As such, both speech and narration bubbles are crucial in continuing the plot
in an efficient, fluid manner.
Another
method of moving the plot forward is Sacco’s unique placement of textual
bubbles in order to physically lead the reader through the plot. Some bubbles are
seen in traditional locations on the top of each panel; however, many text
bubbles are scattered throughout such that each bubble lead the reader through
the action inside the story. In a way, the reader becomes a part of the story,
and the textual bubbles become the transitions through separate scenes. An
example can be seen on the first page where the textual bubbles are read from
the bottom up as they mimic the movement of the trucks in the panel and thereby
leading the reader’s eyes, and attention, throughout the scene (Sacco, 1). Thus,
we see how the textual aspect of Safe
Area Gorazde plays a crucial role in advancing the plot.
As
a whole, the effect of the text is much broader as it serves to convey
emotional details and more nuanced elements of Gorazde’s story that cannot be
portrayed through images alone. While images may not be able to convey all the
elements of the plot, they remain crucial by producing the emotional aspects of
the story. It is through these images that Sacco creates the emotional impact
of the graphic novel, as readers connect more effectively and efficiently to
images than compared the text. The horrors of the war and its effects on the
people of Gorazde are most effectively portrayed through the images, such as
the gut-wrenching, disturbing wartime injuries portrayed in the hospital (Sacco
122-123). The contrast between reading about atrocities and visually perceiving
them is apparent as readers gain an unabashedly emotional reaction to these
images. Another unique example of the interplay between text and images can be
found on page 108: Sacco juxtaposes two connotations of the Drina- the
cigarette and the river- to create another powerful image that invokes the
reader’s emotions by exemplifying the drab, monotonous life in Gorazde.
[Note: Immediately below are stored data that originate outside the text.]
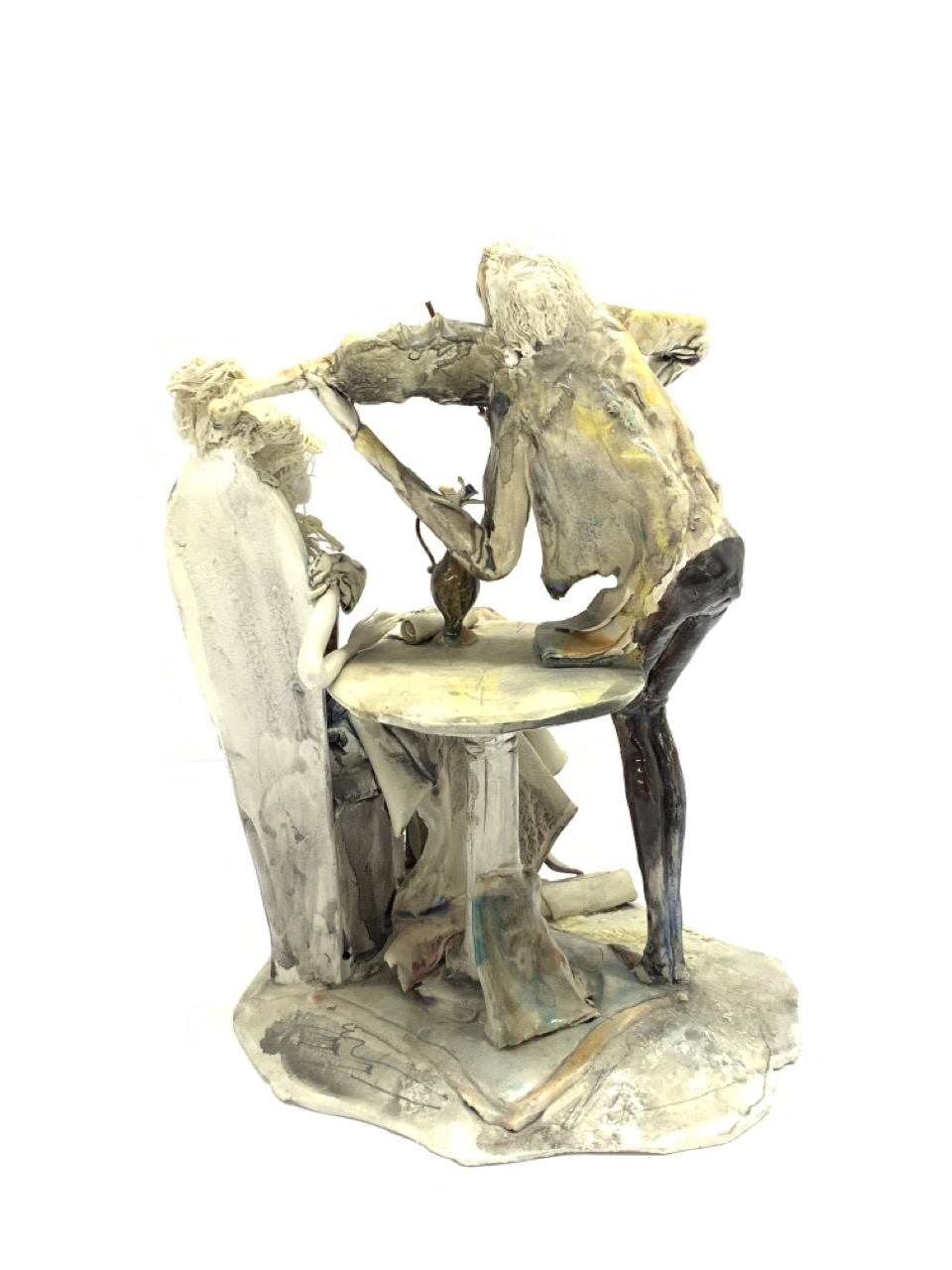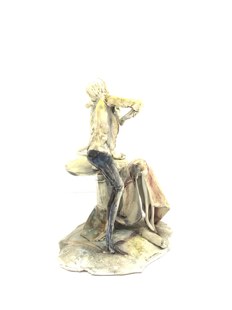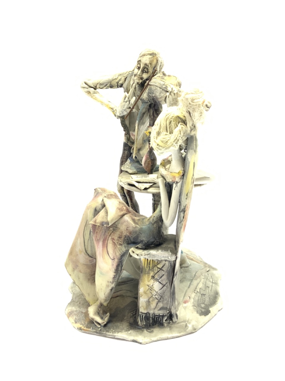 Adriano Colombo Man with Violin & Woman Ceramic Sculpture, Lo Scricciolo
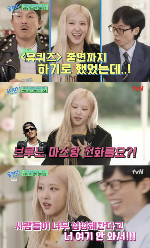그룹 블랙핑크 로제가 브루노 마스의 ‘유퀴즈’ 출연을 적극 추진하려 했다고 밝혔다.
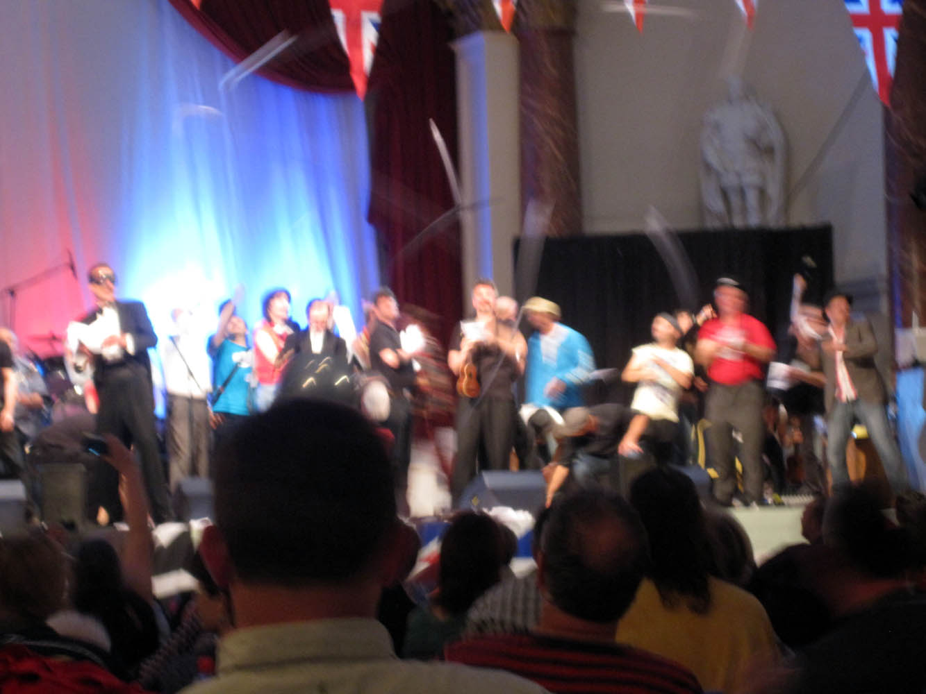 | Chonkinfeckle traveled down from Lancashire to deliver some Northern humour. They were really let down by a terrible sound. Even with some mid-tune fettling, the engineers weren’t able to fix it. About the only thing I could make out was that one of the songs might have been called “Leccy-mon”. Did I get that right? And you thought the only good thing to come out of Wigan was casinos! |
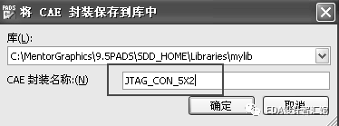 (4)在彈出的對(duì)話框中輸入CAE封裝名稱“JTAG_CON_5X2”,如圖3-19所示。
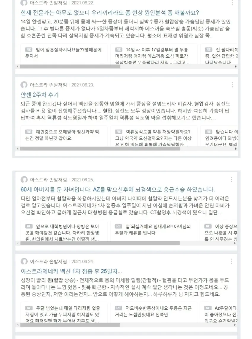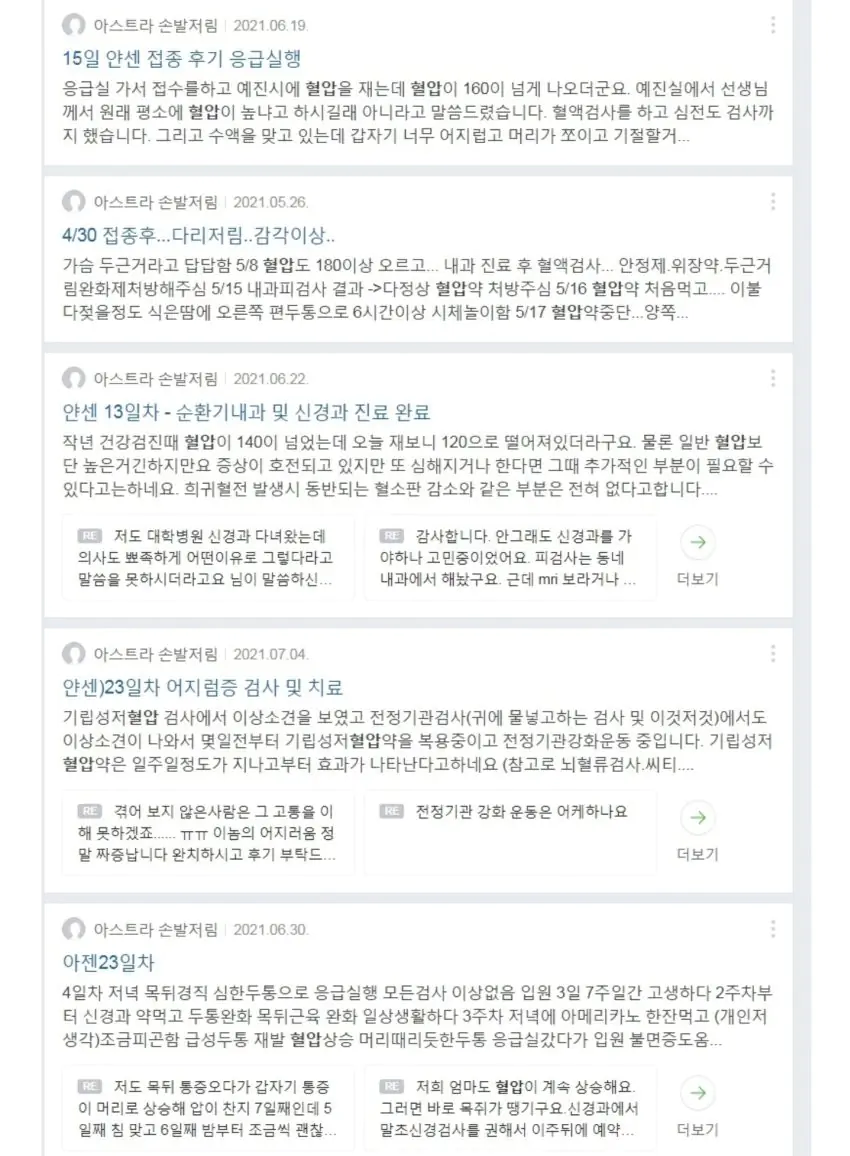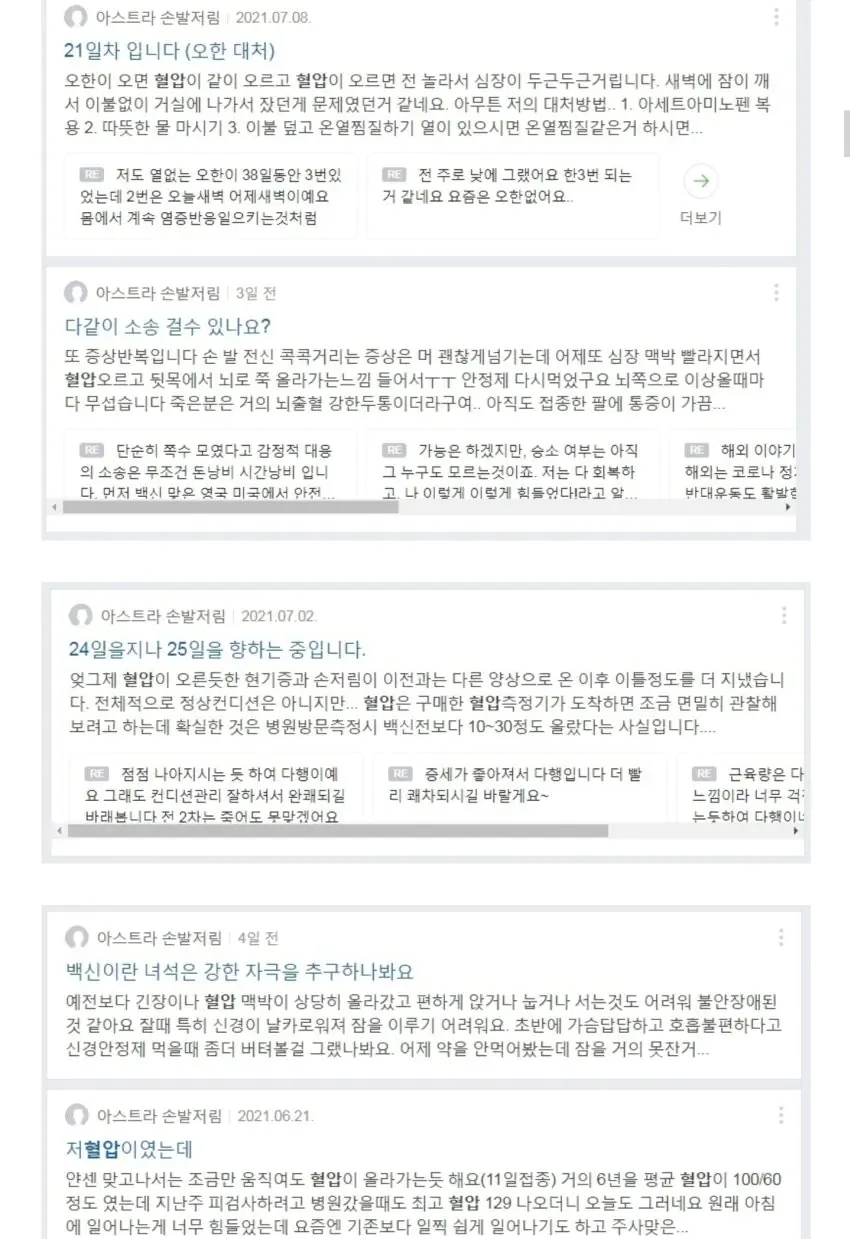 백신 부작용 아스트라 손발저림 네이버 카페
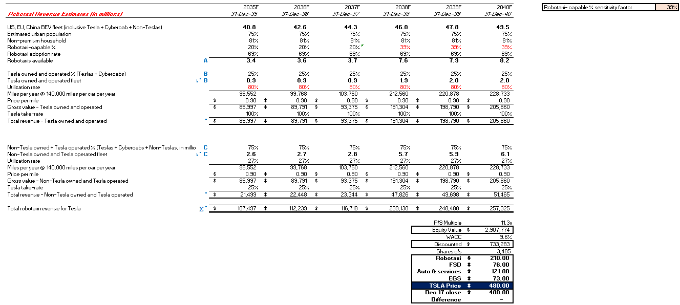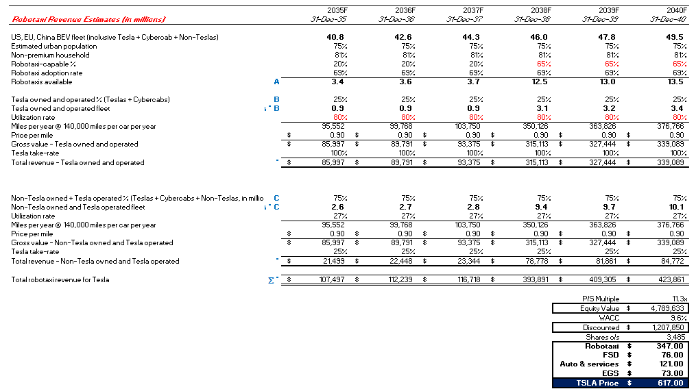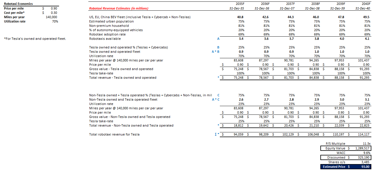 Under these assumptions, Tesla’s Robotaxi platform is expected to grow into a $100+ billion business by 2040. By applying an 11.3x multiple to total projected 2040 robotaxi revenues, discounted at a WACC of 9.6%, the business yields an estimated intrinsic value of $325 billion, or $93 per share.
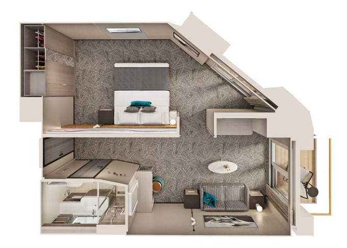 H5 - The Haven Owner's Suite 50-57 m² / balkón 10-12 m².12. paluba, Max 4 osoby. Výhody The Haven. 8 720 € 4 360 € za osobu
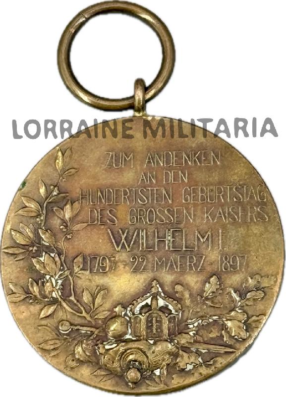 Lorraine Militaria MEDAILLE COMMEMORATIVE ALLEMANDE POUR LES 100 ANS DE WILHELM ILorraine Militaria
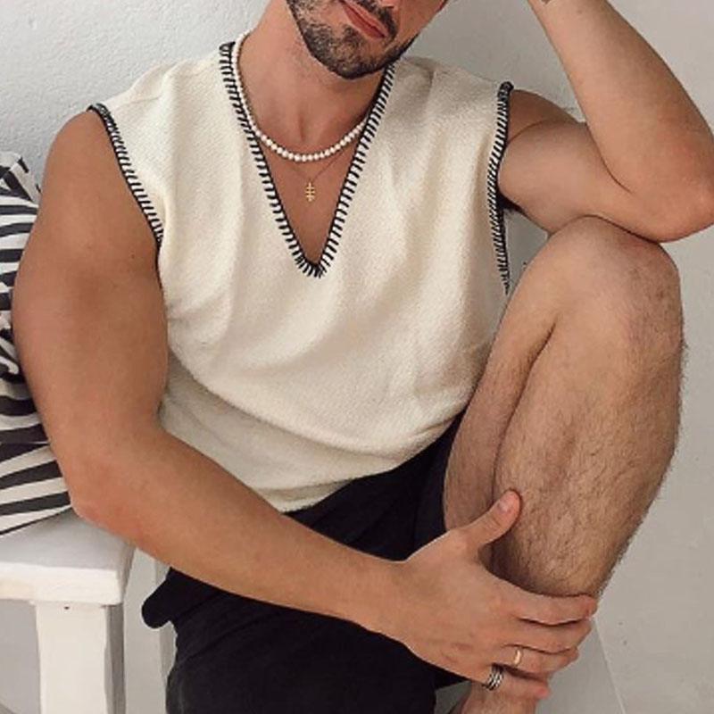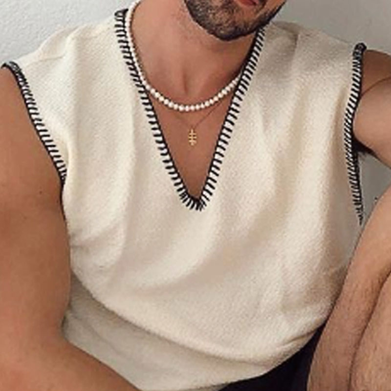 Men's Summer V-Neck Solid Color Breathable T-Shirt Seaside Beach Oversize Short Surf Sleeve T-Shirt

Overall, Sacco uses the images effectively in that they convey emotion and mood
more directly than text ever could.
Yugoslavia, in all its ethnic and
religious diversity, was a great contradiction. The fact that such a nation,
riddled with nationalistic tension for over four decades, survived for such a
long time is a testament to the effectiveness of Tito’s dictatorship.
Nonetheless, Safe Area Gorazde tells
the tale of the aftermath of these long-suppressed tensions: brutal violence,
unthinkable horrors, and unimaginable, callous disregard for human life. To
portray this myriad of terror, the graphic novel employs a multitude of unique
tools, such as the balance between individual character development and the
greater story arc of the war, the realistic art in each panel, and the usage of
speech and text bubbles. In the end, Safe
Area Gorazde is an emotionally riveting tale of average people, struggling
to survive in a stupendously dangerous and seemingly hopeless situation.